GIVEN DATA Start Marker

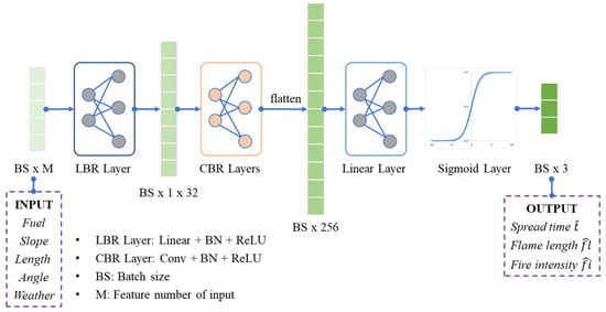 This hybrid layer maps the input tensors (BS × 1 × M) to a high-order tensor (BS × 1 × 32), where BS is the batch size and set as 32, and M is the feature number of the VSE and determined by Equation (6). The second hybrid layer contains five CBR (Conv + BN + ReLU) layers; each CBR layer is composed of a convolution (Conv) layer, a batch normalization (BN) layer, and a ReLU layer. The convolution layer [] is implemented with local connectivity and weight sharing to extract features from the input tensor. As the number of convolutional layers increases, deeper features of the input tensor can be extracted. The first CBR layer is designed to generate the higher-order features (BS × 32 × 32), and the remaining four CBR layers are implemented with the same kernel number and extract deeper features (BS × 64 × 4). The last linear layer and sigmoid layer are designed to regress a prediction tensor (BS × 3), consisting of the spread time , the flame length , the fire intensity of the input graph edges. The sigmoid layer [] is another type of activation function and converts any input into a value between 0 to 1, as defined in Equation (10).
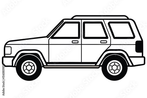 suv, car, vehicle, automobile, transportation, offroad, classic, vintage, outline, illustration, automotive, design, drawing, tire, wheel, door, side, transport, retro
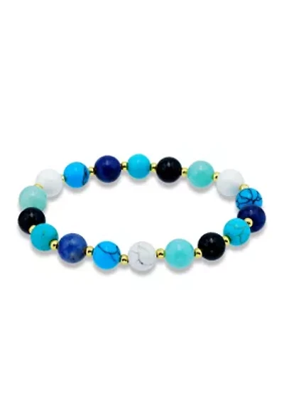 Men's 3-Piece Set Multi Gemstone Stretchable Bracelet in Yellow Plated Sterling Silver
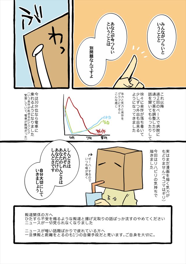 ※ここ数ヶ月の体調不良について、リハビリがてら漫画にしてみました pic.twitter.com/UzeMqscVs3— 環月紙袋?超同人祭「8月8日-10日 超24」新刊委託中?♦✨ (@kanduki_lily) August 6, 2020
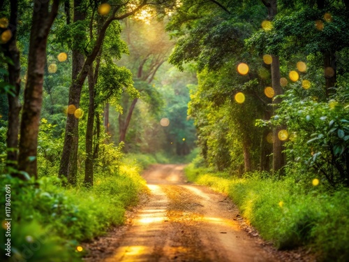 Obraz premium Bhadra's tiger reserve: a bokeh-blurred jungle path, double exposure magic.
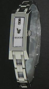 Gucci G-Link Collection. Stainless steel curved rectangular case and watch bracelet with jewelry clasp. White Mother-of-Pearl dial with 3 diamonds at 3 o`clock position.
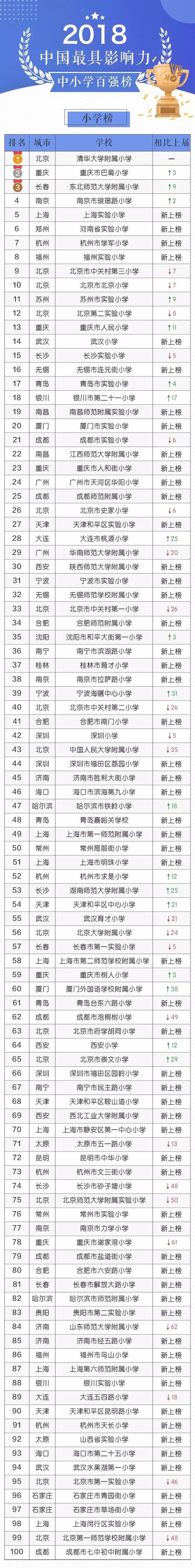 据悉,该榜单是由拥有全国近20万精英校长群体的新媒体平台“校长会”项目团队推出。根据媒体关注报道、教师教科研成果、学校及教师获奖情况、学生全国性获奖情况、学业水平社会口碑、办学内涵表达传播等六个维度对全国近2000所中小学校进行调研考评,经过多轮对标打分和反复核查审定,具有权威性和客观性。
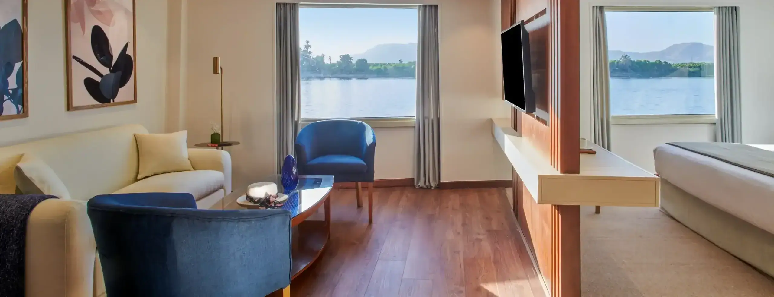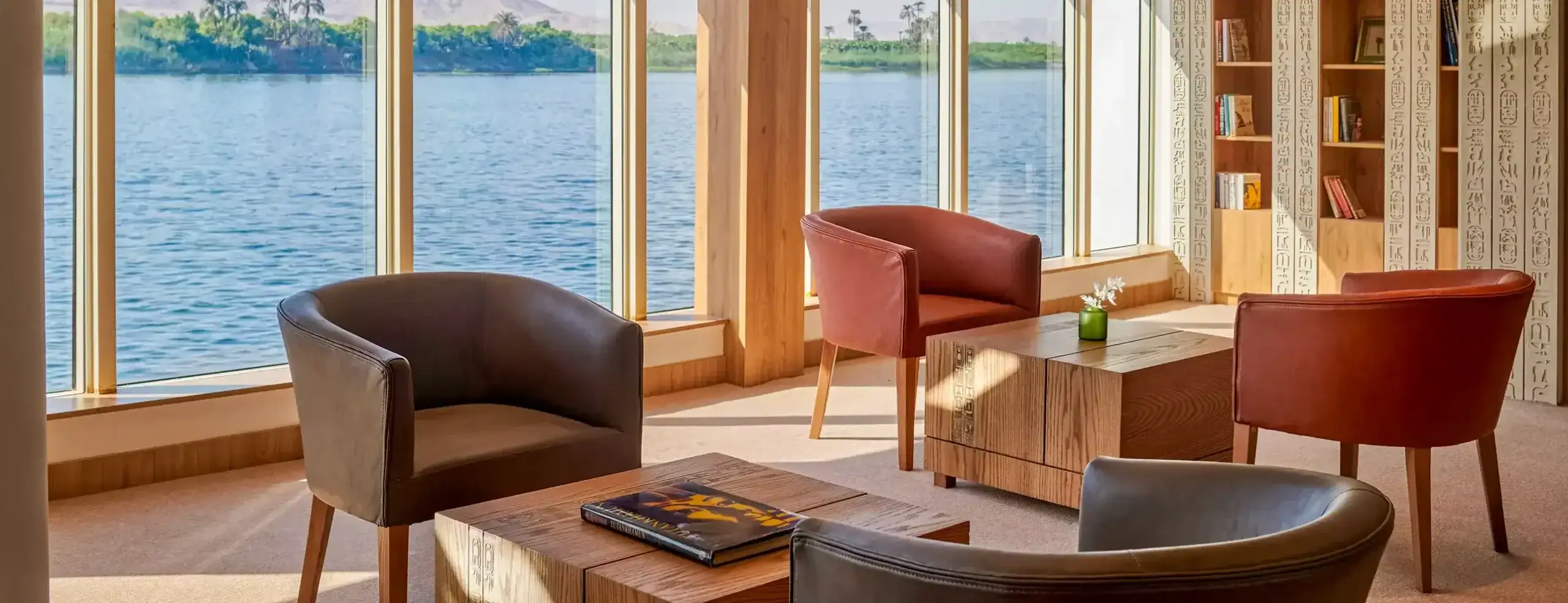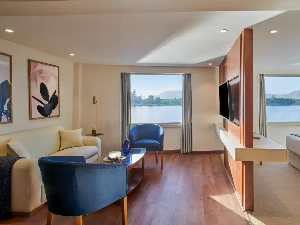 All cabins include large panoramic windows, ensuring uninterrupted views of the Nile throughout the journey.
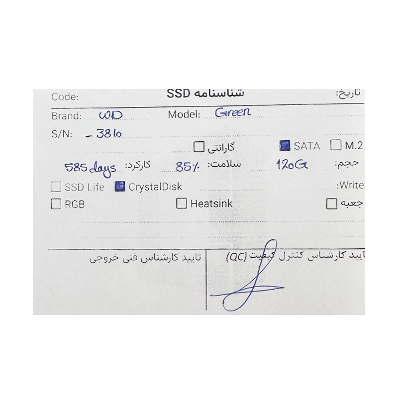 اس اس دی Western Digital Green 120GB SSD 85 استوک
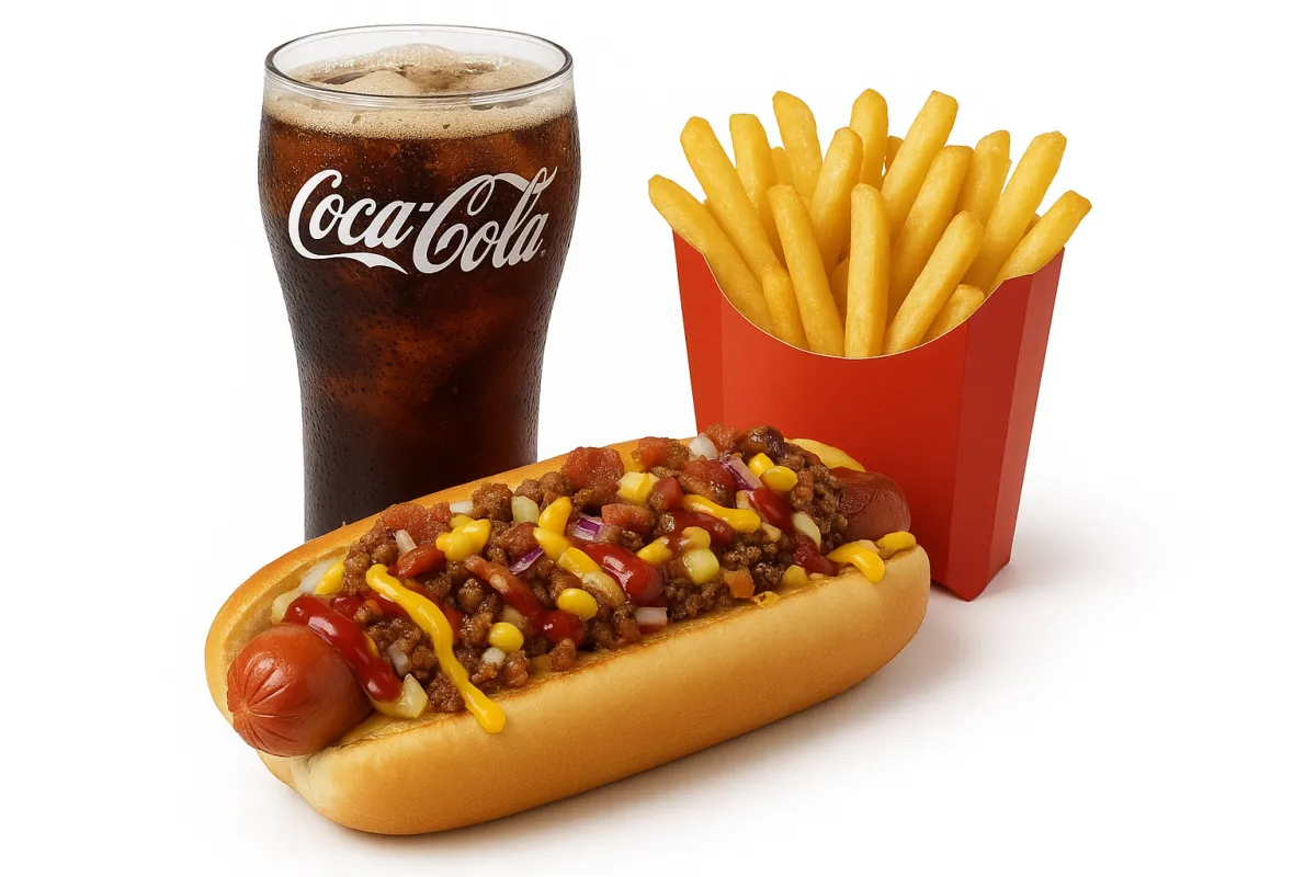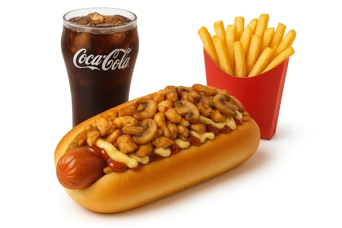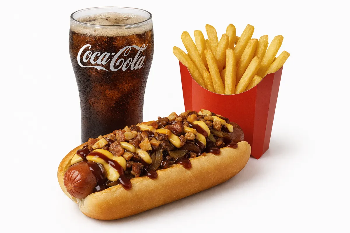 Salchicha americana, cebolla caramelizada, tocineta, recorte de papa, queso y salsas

GIVEN DATA End Marker

Your answer must consist only of the lines from the one containing "据悉,该榜单是由拥有全国近2" through the end of the entries, restated word for word, with no pictures.

_RESPONSE AREA_.
 据悉,该榜单是由拥有全国近20万精英校长群体的新媒体平台“校长会”项目团队推出。根据媒体关注报道、教师教科研成果、学校及教师获奖情况、学生全国性获奖情况、学业水平社会口碑、办学内涵表达传播等六个维度对全国近2000所中小学校进行调研考评,经过多轮对标打分和反复核查审定,具有权威性和客观性。
 All cabins include large panoramic windows, ensuring uninterrupted views of the Nile throughout the journey.
 اس اس دی Western Digital Green 120GB SSD 85 استوک
 Salchicha americana, cebolla caramelizada, tocineta, recorte de papa, queso y salsas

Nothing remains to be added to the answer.